Furthermore, alcohol has a pronounced diuretic effect on the kidneys, especially when people consume large quantities. Since
the very first thing an athlete needs to do after exercising intensely is rehydrate plentifully, alcohol should be avoided.
Drinking beer is not a good way to restore water and glycogen after training.
Large amounts of alcohol may also reduce exercise ability. Along with increasing dieresis, alcohol impairs motor coordination
and aerobic capacity (through dehydration and increased lactic acid buildup), lowers muscle glycogen levels, and inhibits the
body's ability to maintain a stable temperature in cold weather. At the psychological level excess alcohol leads to depression
and hypersensitivity to external conditions, as well as attention, memory and problem-solving impairment. Impairment is
generally related to the blood- alcohol level and the dose.
Though it has about seven calories per gram, alcohol is grossly inefficient as an energy source. Approximately one ounce
of alcohol per hour can be converted to glucose - a very slow conversion ratio. Consequently, it stays in the body for a
long time and its adverse effects linger until it passes through the system. Small doses of alcohol can temporarily weaken
left-ventricle contraction. Acute ingestion can cause myocardial irritation such as arrhythmias, and can even be fatal.

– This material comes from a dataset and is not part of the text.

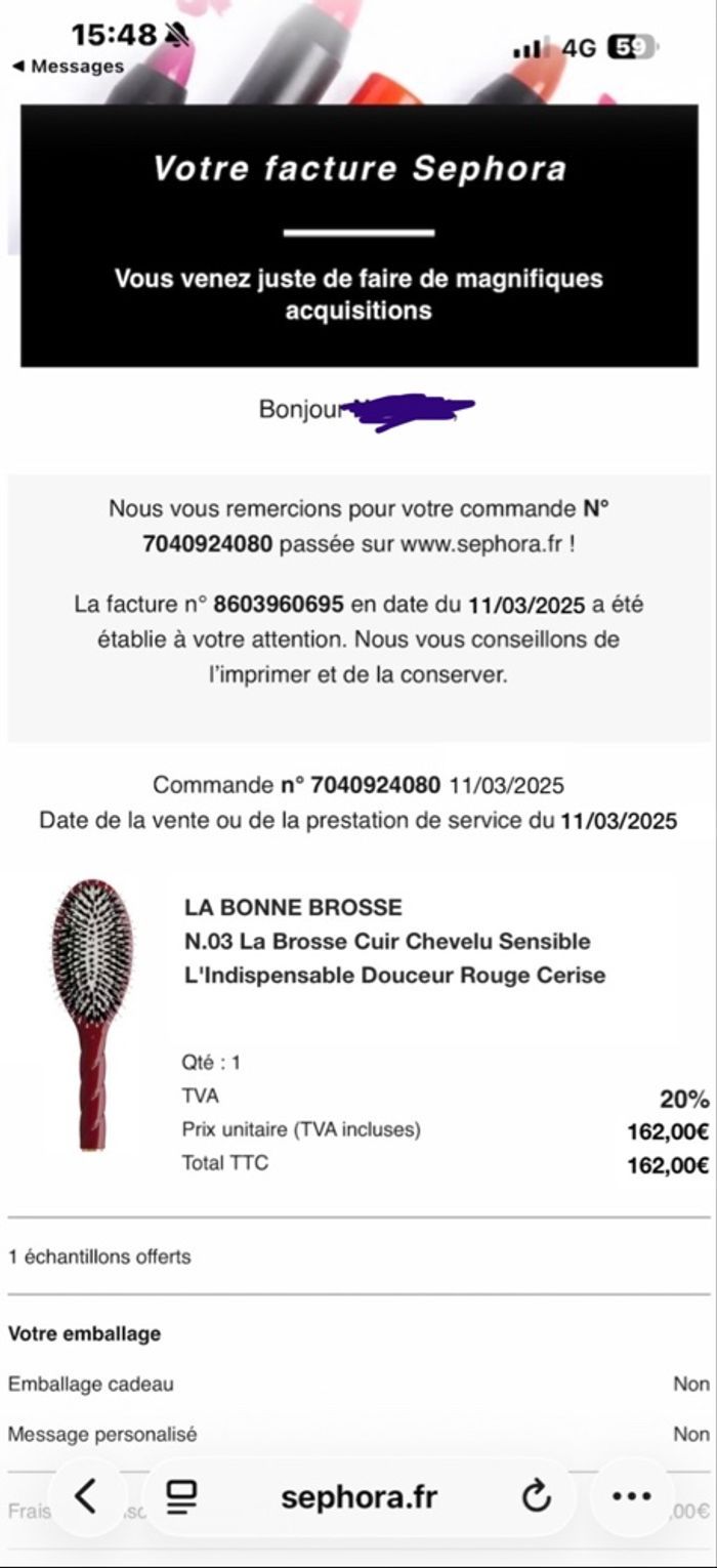 Bonjour, je vends ma brosse la bonne brosse numéro 3, je l’ai acheté sur Sephora, il y a la facture dans les images. La brosse est neuve, je m’en suis jamais servi.

Alcohol ingestion may also bring on exercise-induced asthma and increase the likelihood of infections in the upper respiratory
tract. The aerobic effects of alcohol are believed to be greater than the anaerobic effects. In a study of rugby players,
hangovers had a significantly negative effect on aerobic performance but not anaerobic performance.
Athletes wanting to get the most from their skills should steer clear of anything more than an occasional drink or two.
Moderate to excessive consumption is more of a bane than a benefit. Consequently, they should stay with fruit juices,
glycose-polymer drinks, and water to replace fluids and prevent dehydration.
Caffeine: The Truth Behind the Untruths - Coffee is an often maligned and seldom understood beverage. It has been hastily
linked to heart disease, increased incidence of cancer, and high blood pressure, among other ailments. However, none of these
putative casual links has passed the test of careful, controlled study.
For years people have been using coffee as a stimulant. It is believed to elicit psychological and physiological results which
are transferable into improved athletic performance. Yet reports of studies are contradictory. Currently caffeine, taken in
doses of about six cups of coffee in a shod period of time, is listed as a banned substance by the International Olympic Committee.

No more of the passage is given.